Securing Your Data With Local AI Model Execution: A Guide Using Hugging Face

In the ever-evolving landscape of artificial intelligence (AI), the potential for data breaches and leaks has become an alarming concern. Recent incidents involving AI tools like OpenAI's ChatGPT have sparked debates over data privacy and security. These tools, while powerful, can inadvertently lead to the exposure of sensitive data if not used judiciously. For example, Samsung Electronics experienced a data leak when employees used ChatGPT to optimize their workflow, inadvertently causing confidential data to enter the chatbot's database.

Similarly, Apple and other major companies have restricted the use of AI tools due to fears of confidential information being leaked or collected. As AI continues to permeate various sectors, it's crucial to prioritize data security and privacy.

One effective strategy to balance these needs is running AI models locally, which is the central focus of this guide. But wait, training models locally require high computational power, resources & expertise. This guide explores how to run pre-trained models from Hugging Face on local systems without incurring massive costs.

The Power of Local AI: Getting Started

Let's start with something simple, like generating images from a given text.

I loved this research paper on Classifier Free Diffusion Guidance from Jonathan Ho. Although the proposed theory sounds promising, reproducing it can be challenging. I'm not interested in spending huge money for an experiment or sheer curiosity.

With the enormous sources and data on the internet, I started exploring to find an existing model to run on a local system.

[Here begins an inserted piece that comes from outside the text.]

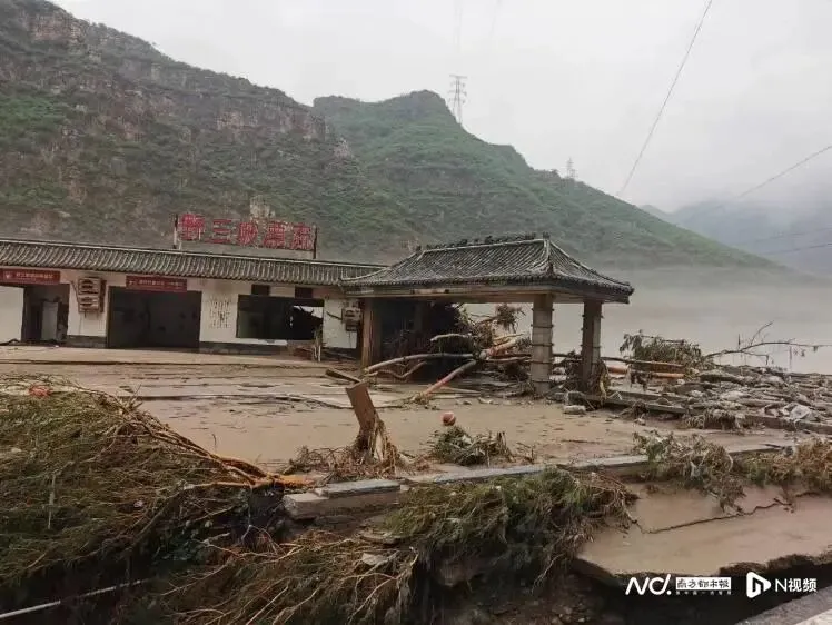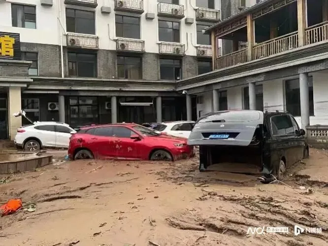 交界口村的北侧是野三坡鱼谷洞泉景区,向南走十多公里是野三坡百里峡景区。因此,交界口村以旅游业为核心发展了许多特色民宿、酒店。如今,洪水过境后的交界口村已是狼藉满地。
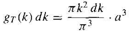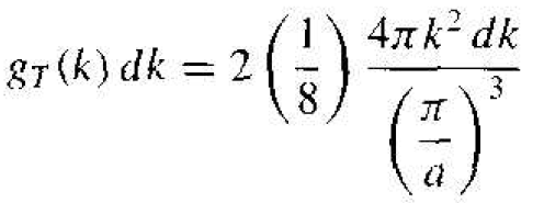 The first factor, 2, takes into account the two spin states allowed for each quantum stale; the next factor, 1/8, takes into account that we are considering only the quantum states for positive values of kx, ky, and kz. The factor 4πk2 dk, is again the differential volume and the factor (π/a)3 is the volume of one quantum state. Equation (5) may be simplified to

Navigating many resources, I stumbled across Hugging Face, an AI model hub with over 231,836 models (as of this writing) and a vibrant, active community.

Using Hugging Face's robust search features, you can quickly locate models based on research paper citations. As a result, you can find a model built based on Jonathan Ho's research, ready for local execution. The above research paper, Classifier Free Diffusion Guidance, is cited as arXiv:2207.12598. Many models are built based on this research paper, but I don't know which one to pick. As a regular user, I liked the one with the highest rating.

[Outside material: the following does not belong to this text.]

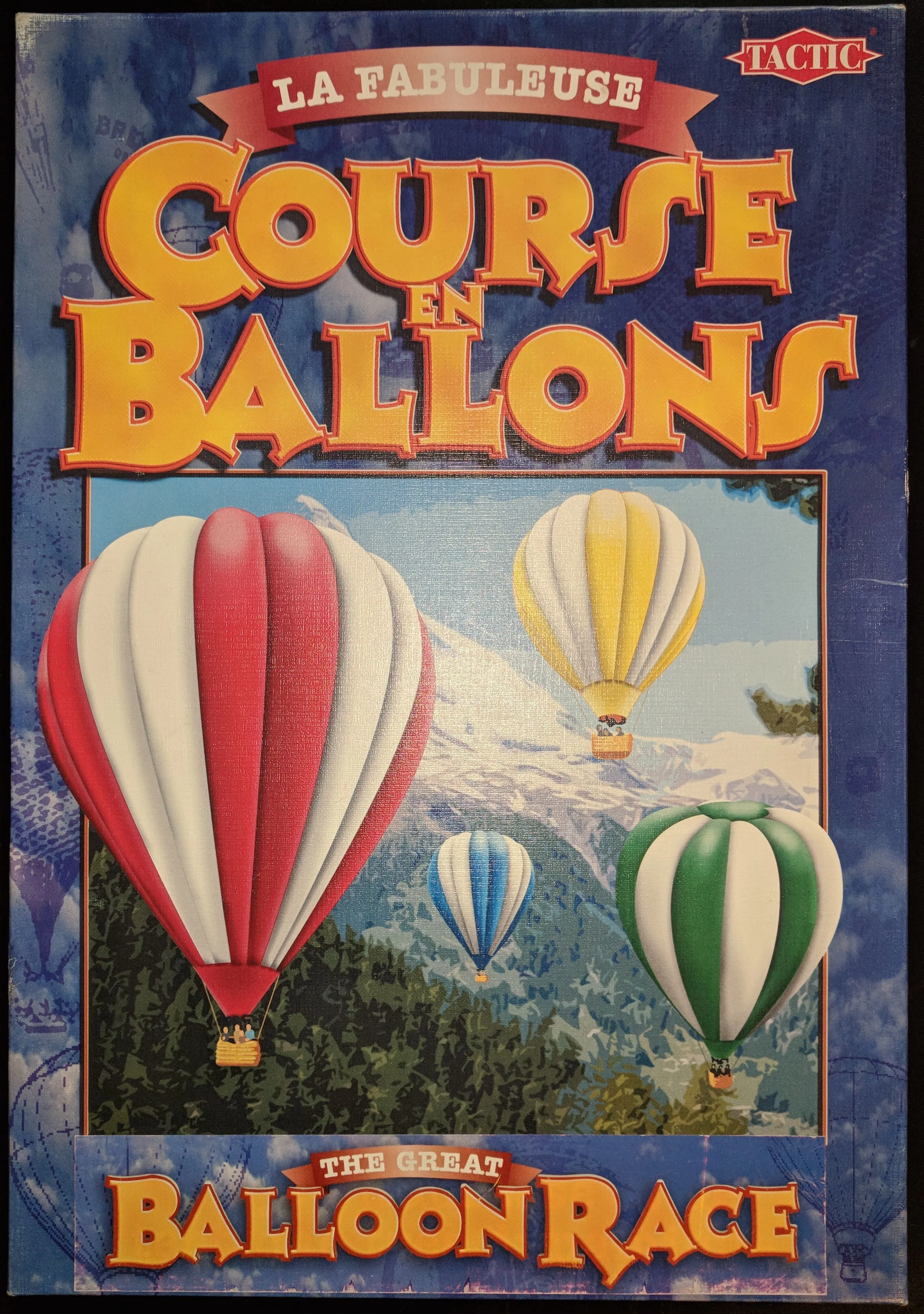 This is a light game – lighter than air, one might even say – in which each player starts the game with a card assigning a secret interest in three different balloons. The balloon markers are lovely little brightly colored plastic gadgets, and on your turn you roll a die and choose which of the eight you want to move. Some spots you land on give you a free roll; from some you can only go backwards. With much shucking and jiving the balloons gradually float and bump up toward the finish line whilst players feign disinterest in their own colors in hopes they’ll be promoted by others. When all three of your balloons reach the finish, you can claim victory.

Hands-On Guide to Local AI Execution

Let's look at how you can use this model for image generation. The following Python script shows how to set up a stable diffusion pipeline and generate images locally using the pre-compiled model, runwayml/stable-diffusion-v1-5.

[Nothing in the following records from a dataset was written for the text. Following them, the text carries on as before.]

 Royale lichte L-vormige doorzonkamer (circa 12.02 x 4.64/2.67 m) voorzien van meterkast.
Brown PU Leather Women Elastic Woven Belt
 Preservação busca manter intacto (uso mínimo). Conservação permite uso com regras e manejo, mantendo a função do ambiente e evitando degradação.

I'm on an M1 laptop & it supports mps device type at runtime. Use whatever is supported on your system.

from diffusers import DiffusionPipeline

pipeline = DiffusionPipeline.from_pretrained("runwayml/stable-diffusion-v1-5")
pipeline = pipeline.to("mps") # cpu, cuda, mkldnn, opengl, opencl, ideep, hip, ve, fpga, ort, xla, lazy, vulkan, mps, meta, hpu, mtia, privateuseone

# Recommended if you have 8/16 GB RAM
pipeline.enable_attention_slicing()

prompt = "a photo of an astronaut riding a horse on mars"

# Initialize the setup
_ = pipeline(prompt,num_inference_steps=1)

# Generate images
images = pipeline(prompt).images
for index, image in enumerate(images):
    image.save("image{0}.jpg".format(index))

The generated image is as follows:

Unleashing the power of Stable Diffusion Web UI

To make this process even more accessible and customizable, let's leverage Stable Diffusion Web UI. This user-friendly interface allows you to adjust numerous parameters effortlessly. Here are step-by-step instructions on setting up and using the UI:

Clone stable diffusion repository

 git clone https://github.com/AUTOMATIC1111/stable-diffusion-webui.git
 cd stable-diffusion-webui

Start a virtual environment to ensure we aren't messing with other packages.

 python3 -m virtualenv --python="$(command -v python3)" .env
 source .env/bin/activate

Install required packages

 pip install transformers==4.19.2 diffusers invisible-watermark
 pip install -r requirements.txt

On the model page, you can see the "files and versions" section that contains different pre-compiled files for this specific model.
I've downloaded both models seen in the screenshot above. To get started, download the v1-5-pruned-emaonly compiled model, as it's smaller. The files are with the ckpt extension; it's a checkpoint file (likely compiled by Pytorch)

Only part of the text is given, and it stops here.